From 1999 to 2008, the BaBar
experiment at SLAC's PEP-II electron-positron collider had investigated CP violation in the B sector. In 2002 the BaBar experiment provided definitive results that the decay rates of B and anti-B mesons differed, a result which contributes to our knowledge of how matter and antimatter behave differently and why there are so many kinds of particles in the Universe. The BaBar experiment's results on CP violation confirmed the predictions of the so-called Standard Model of high energy physics and showed that the inclusion of three generations of quarks in the model is essential to describe Nature. The three generation formulation of the Standard Model by Kobayashi and Maskawa won a portion of the 2008 Nobel Prize in physics and the BaBar experiment, as well as its rival in Japan, the KEK-B facility at Tsukuba, were cited for their accurate and crucial data. In addition to studies of CP violation, the BaBar experiment at SLAC has pursued a broad program of research on particles containing bottom or charm quarks.

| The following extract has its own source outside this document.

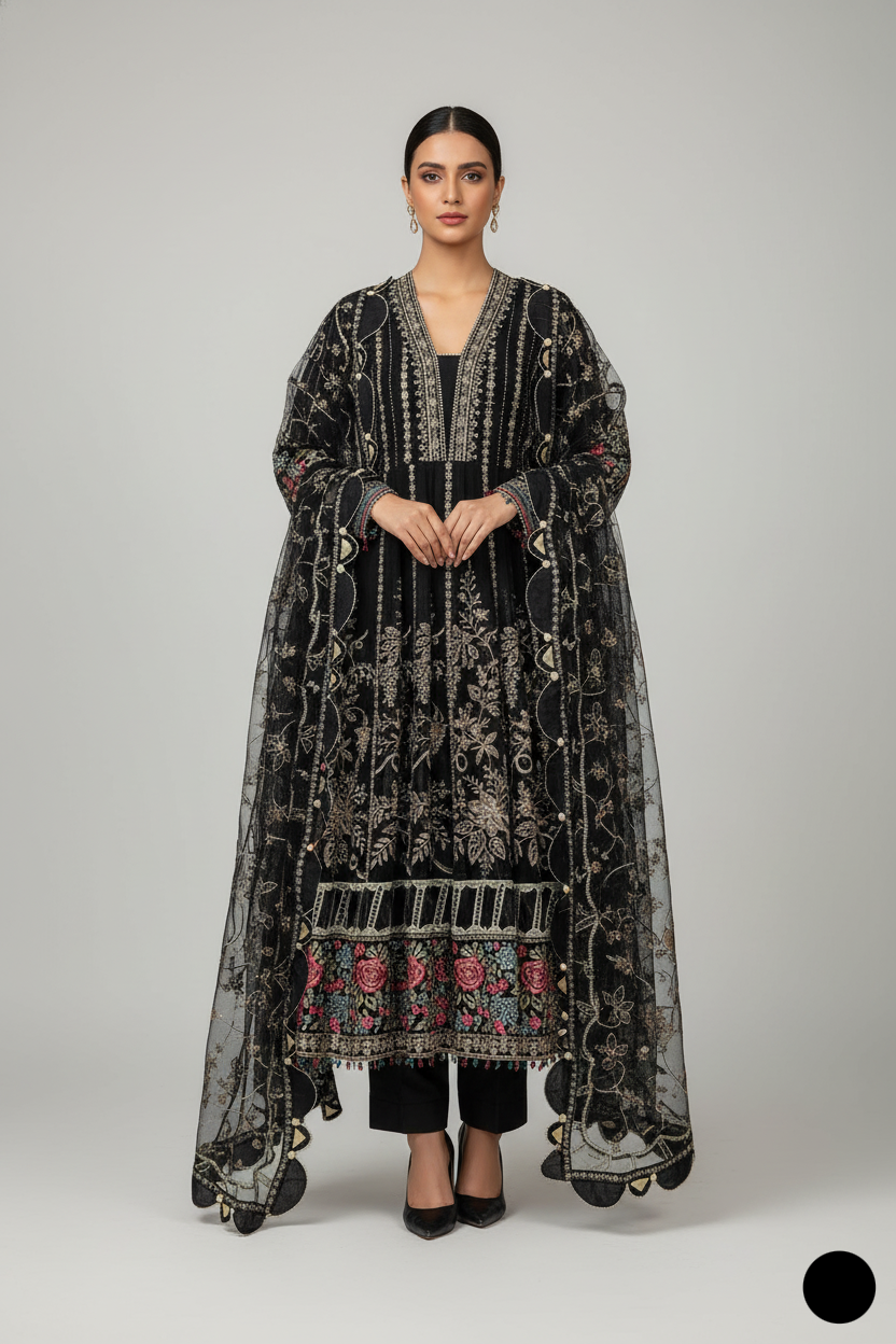 This stunning ensemble features a Khaadi Net fabric shirt paired with Viscose trousers, offering a perfect balance of elegance and comfort. The look is beautifully complemented by a delicate Organza dupatta, adding a touch of sophistication. Designed in a Long Frock style, the shirt length ranges between 55 to 57 inches, creating a regal and graceful silhouette. With a total weight of 1.650 KG, this outfit is both lightweight and stylish, making it an excellent choice for special occasions.

Today the BaBar collaboration is actively engaged in data analysis.
The next step in highly accurate electron-positron collider physics is the construction of facilities with 50-100 times the intensities of the PEP-II and the KEK-B accelerators. Projects in Italy and Japan are planned for this new era which will produce such copious data that very rare processes can be studied in detail and new processes that are go beyond the Standard Model can be discovered. These experiments will complement the experiments underway at CERN's Large Hadron Collider and the various facilities together should lead the way to our deeper understanding of symmetries and particles that underlie the physical world.
Looking ahead, the International Linear Collider, a proposed electron-positron collider, or a similar machine--perhaps a muon collider--could serve as the next step in discovering new physics at high energies comparable to the Large Hadron Collider. A lepton collider will allow scientists to home in on the new landscape that the LHC will initially chart. Together, these discovery machines will bring the quantum universe into unprecedented focus.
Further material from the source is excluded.